During summer 2017, floodplain soils were sampled at the six study areas. Sampling points were stratified random among flooding gradients, resulting from the subdivided distribution of the inundation duration. For each study area, three classes were defined within a range of 1 to max. 246 days of flooding, setting thresholds between classes at the 0.33 and 0.67 quantiles. Each class contained at least 5 points, resulting in 15–20 plots per study area. This ensured that rarely and often inundated plots from each study area were considered equally. For each sampling plot (2 m × 2 m), five repetitions (10 cm diameter × 20 cm depth) were taken using a soil auger. Each plot was located and saved with centimeter-level accuracy by using a GNSS system (Trimble R8). All samples per sampling plot were mixed to create one homogenized sample for further analysis. One part was stored at 4°C until soil physical and chemical parameters were measured, whereas the other was air-dried and sieved (<2 mm) and stored at room temperature until the denitrification potential (DP) measurements were taken. Soil bulk density was measured using three soil cutter cores (100 cm³) per plot. Additionally, the soil types of all plots were characterized (auger to a depth of 100 cm).

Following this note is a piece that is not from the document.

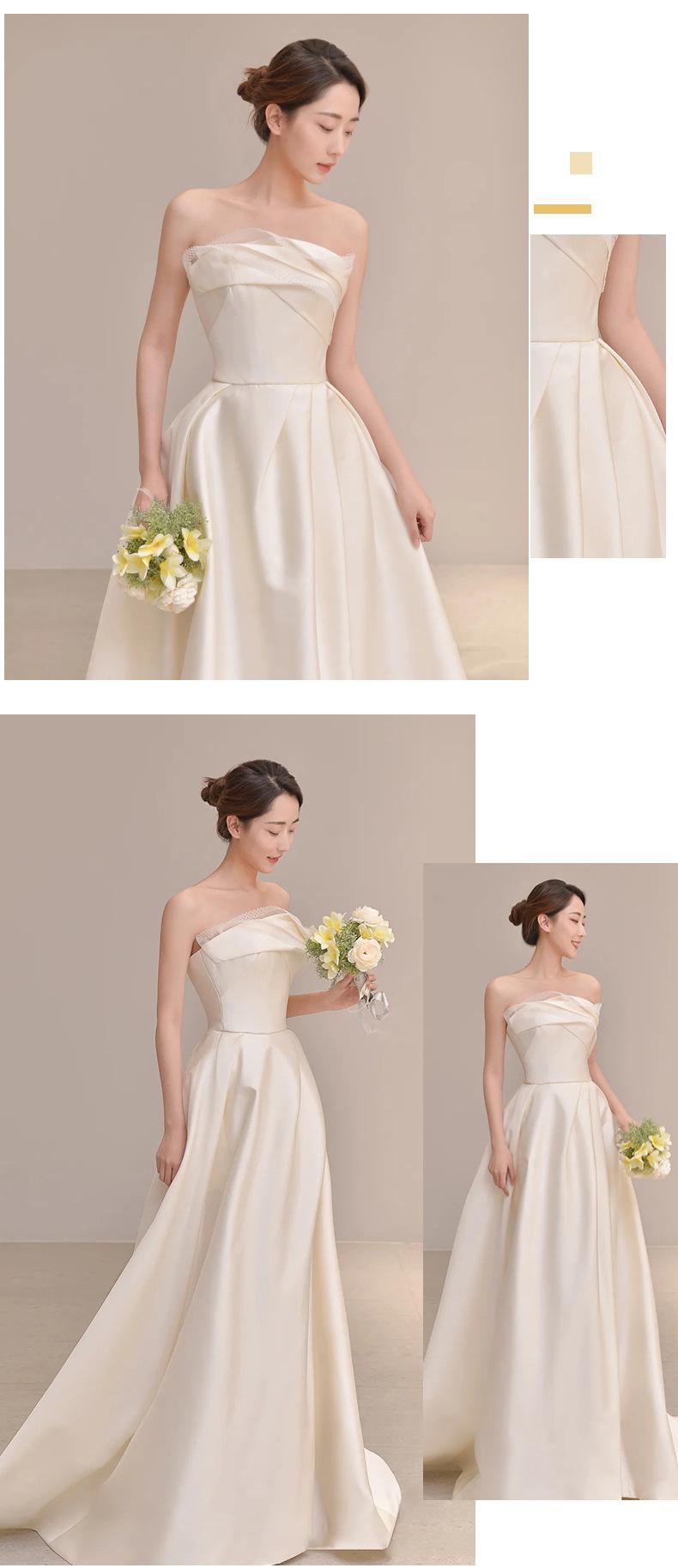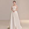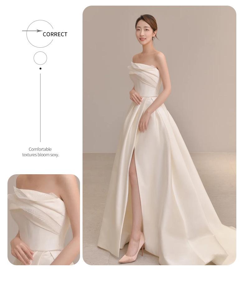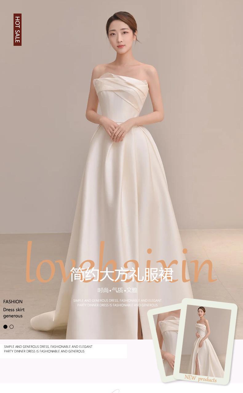 Vestido de Novia Ligero Francés 2025 Nuevo Vestido de Novia Tubo Superior Sencillo de Satén Alta Calidad Largo hasta el Piso Vestido de Boda de Verano

Physical and chemical soil parameters were measured using the following standardized analysis methods: pH (H₂O) - DIN ISO 10390:2005-12, 2005, total organic carbon [TOC in % dry matter (DM)] - DIN EN 15936:2012-11, 2012, mineral nitrogen content (Nmin in % DM) – VDLUFA, (1991), particle size distribution (content of clay, silt, and sand in %) - DIN ISO 11277:2002-08, 2002, soil bulk density (BD in g cm⁻³) - DIN 18126:1996-11, 1996. Soil textures and types were defined based on soil mapping guidelines (Ad-hoc-AG Boden, 2005). Field capacity (FC in %) was calculated using BD, soil texture and humus content (TOC * 1.7) (DIN 4220:2008-11, Ad-hoc-AG Boden, 2005).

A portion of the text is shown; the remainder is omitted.